Altro punto critico: gli inginocchiamenti di talune nazionali, in segno di sfida contro ogni forma di razzismo. In questo caso, ha spiccato l’atteggiamento ondivago della nazionale italiana, tuttavia l’elemento più sconcertante è stato il totale rifiuto del dibattito in talune aree politiche e culturali. Fermo restando che la condanna del razzismo dovrebbe essere un valore pacificamente e universalmente condiviso, rimane il fatto che anche i gesti simbolici non vanno sottovalutati, né interpretati superficialmente. A nostro parere, l’atto di inginocchiarsi, sia pure per una nobile causa, è discutibile per due ordini di motivi. In primo luogo, per i cristiani, la genuflessione è una postura sacralmente connotabile: ci si inginocchia solamente davanti a Dio-Eucaristia o, al limite, di fronte alla persona che si ama, al proprio coniuge, con cui si intreccia un legame sacramentale e trascendente, quindi non soltanto umano.
L’altro risvolto che rende controverso questo gesto è la sua origine: la genuflessione antirazzista aveva preso piede, anche a livello istituzionale, poco più di un anno fa, all’indomani del delitto Floyd a Minneapolis. Si è così conferita un’adesione simbolica alle propagande di Black Lives Matter, che, come già spiegammo l’anno scorso, hanno natura e finalità molto discutibili, che vanno ben oltre il semplice perseguimento della pari dignità tra le etnie. Che un movimento così propenso alla cancel culture, sospettato persino di attività terroristica e sovversiva debba prendersi il totale monopolio della causa antirazzista è – lo ribadiamo per l’ennesima volta – qualcosa di scandaloso e inaccettabile.
L’ideologia, però, è destinata a infrangersi contro il muro della realtà e della vita vissuta. Mentre i proclami astratti non scaldano il cuore e sono destinati a dividere piuttosto che unire, i fatti concreti che accadono indipendentemente dalla nostra volontà sono destinati a colpirci, sorprenderci e plasmarci nel profondo dell’anima. Ci riferiamo a quelle esperienze, anche dolorose, da cui, però, di solito, germoglia il lato migliore di ogni persona.

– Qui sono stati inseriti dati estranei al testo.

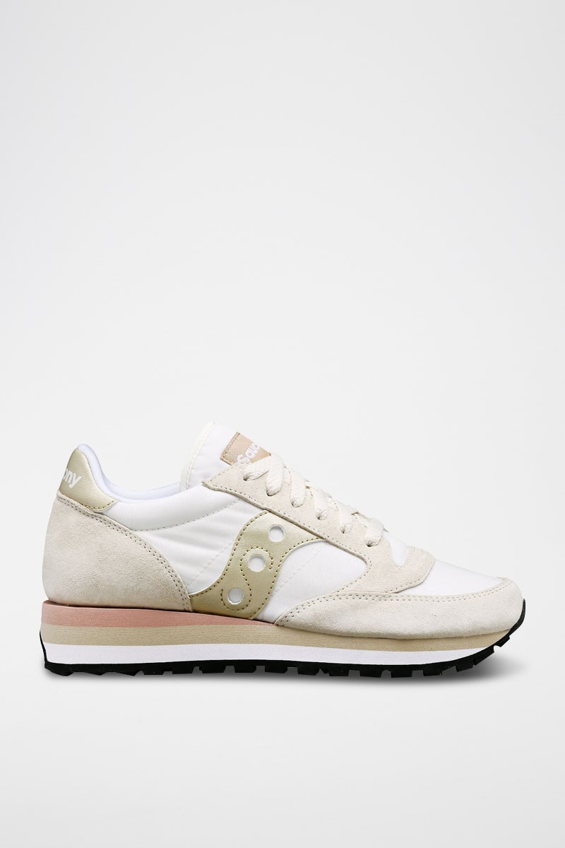 Leren Sneakers Jazz Triple - Lichtgrijs en goudkleurig
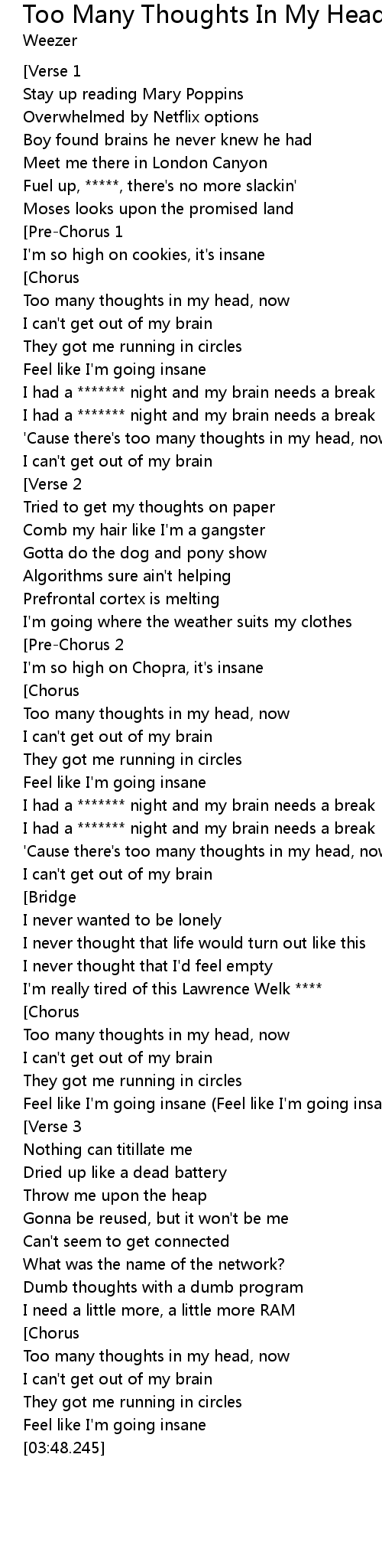Too many thoughts in my head, now |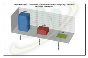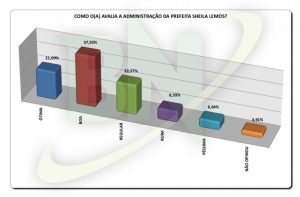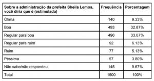 Já de acordo com o levantamento feito pela Gasparetto Pesquisas e Estatística (GPE), a administração de Sheila Lemos alcança 75,27% na soma das respostas ótima, boa e regular para boa. Outros 15,03% acham a administração regular para ruim, ruim ou péssima. Não responderam 9,67%.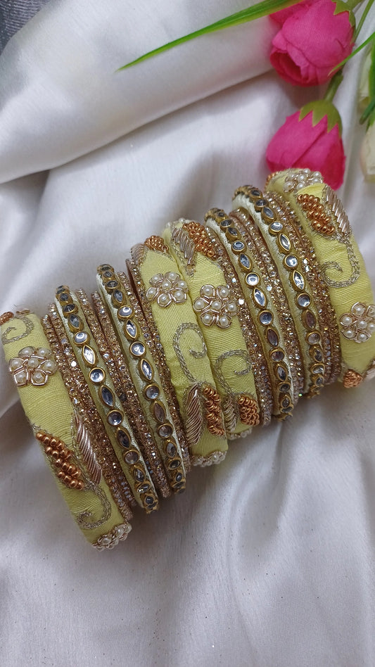JASHN LIME YELLOW ZARDOZI BANGLES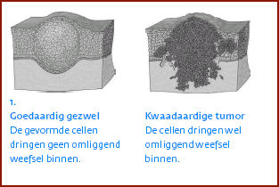 Er zijn goedaardige en kwaadaardige gezwellen of tumoren.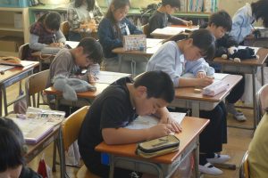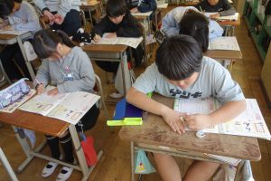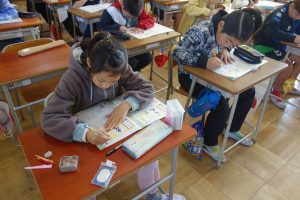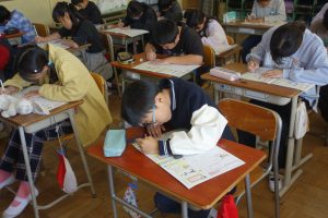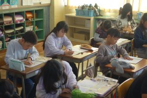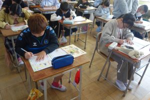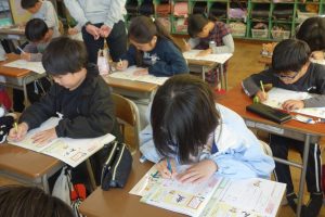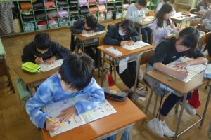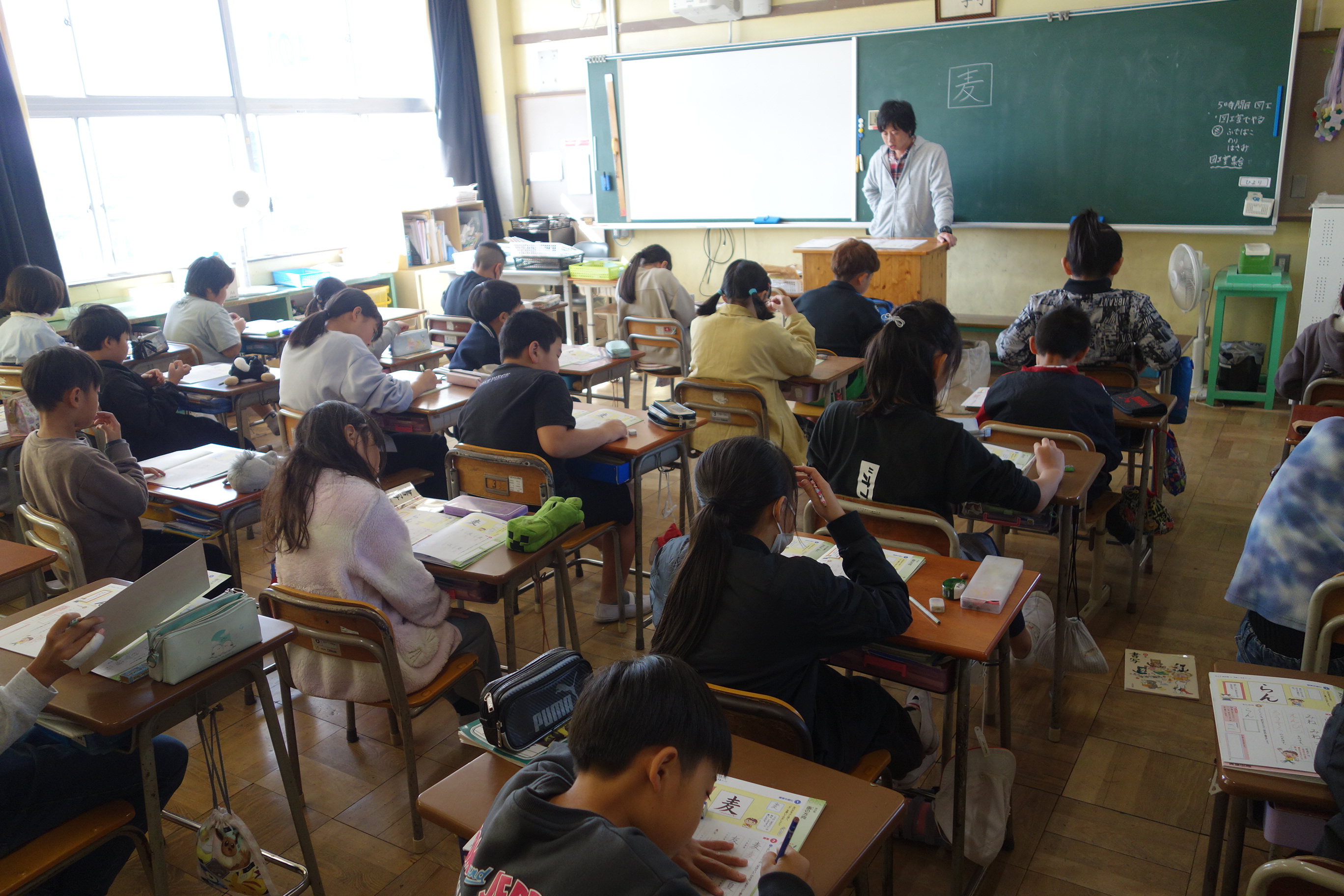 書写 4年生 2025.10.29 4年生の書写は硬筆の学習でした。「麦」という字を中心に、はらいの練習をしました。先生の説明を聞いた後、かきかたノートの「麦」「夏」「友」「返」等の字を書きました。みなさん、はらう部分を意識して書いていました。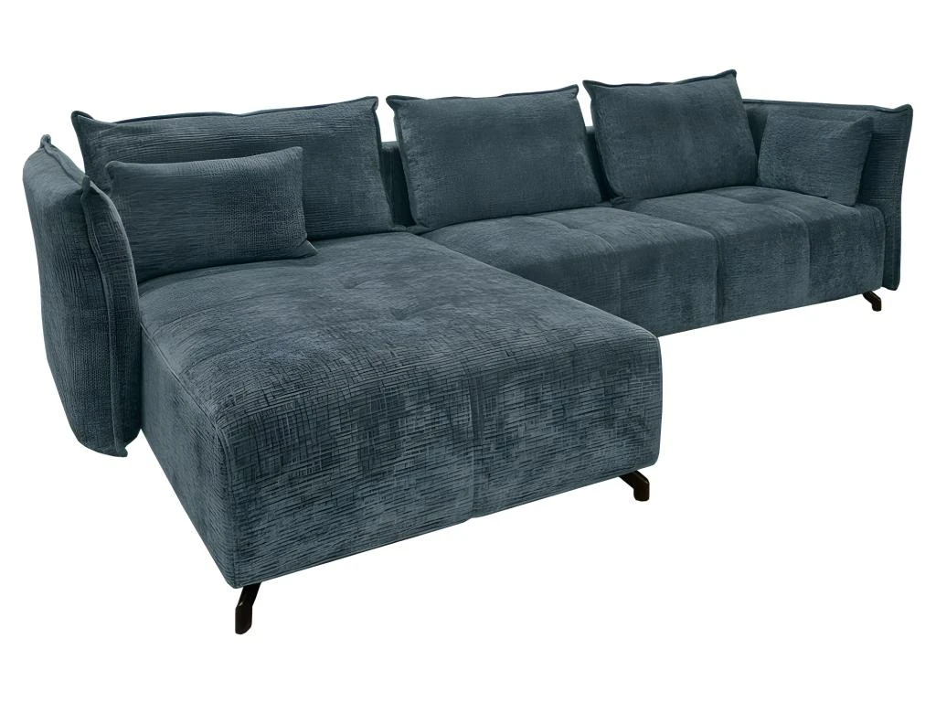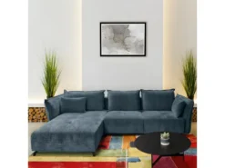 Optez pour le canapé d’angle réversible et convertible bleu RUFUS.

Durante questi Europei abbiamo assistito due episodi che parlano da soli. Il primo è avvenuto il secondo giorno della competizione, durante il match Danimarca-Finlandia. Al 43’ di gioco, il centrocampista dell’Inter e della nazionale danese Christian Eriksen, colpito da malore, si è accasciato al suolo, rimanendo privo di conoscenza per un’interminabile dozzina di minuti. Ha commosso il mondo intero l’immagine della moglie del calciatore che, disperata, si precipitava in campo, consolata dall’abbraccio del ct Kasper Hjulmand e di un paio di giocatori. Una scena semplice ma significativa: l’affetto e la solidarietà sincera verso una famiglia in improvvisa difficoltà, uno slancio che va oltre tutti i tabù sanitariamente corretti dei nostri giorni. Immagini che valgono più di mille parole.
A conclusione della semifinale Italia-Spagna, poi, hanno spiazzato le signorili dichiarazioni del ct iberico Luis Enrique, a commento di una partita perduta, in cui la sua squadra non avrebbe demeritato di passare il turno. “Voglio fare i complimenti all’Italia, spero che in finale possa vincere questo Europeo. Tiferò per gli azzurri”. Poi ha aggiunto: “Sono stanco di vedere le lacrime nei tornei di ragazzi o bambini, non so perché piangano. Devi iniziare a gestire la sconfitta, a congratularti con il tuo avversario e insegnare ai bambini a non piangere”. Queste le parole di un uomo che, due anni fa, ha subito il peggior lutto che un uomo possa sopportare. Dopo la morte della figlioletta Xana, di soli nove anni, a causa di un male incurabile, Enrique ha saputo andare avanti con dignità, riprendendo ad allenare con più convinzione di prima. I grandi dolori della vita rappresentano il momento spartiacque per chiunque: chiudersi nel silenzio e nella rabbia oppure iniziare a vivere ogni cosa con occhi nuovi, spostando lo sguardo su ciò che conta di più, relativizzando il transitorio e sacralizzando il definitivo. Dio passa anche per tutto questo, anche perché Lui stesso ci è passato.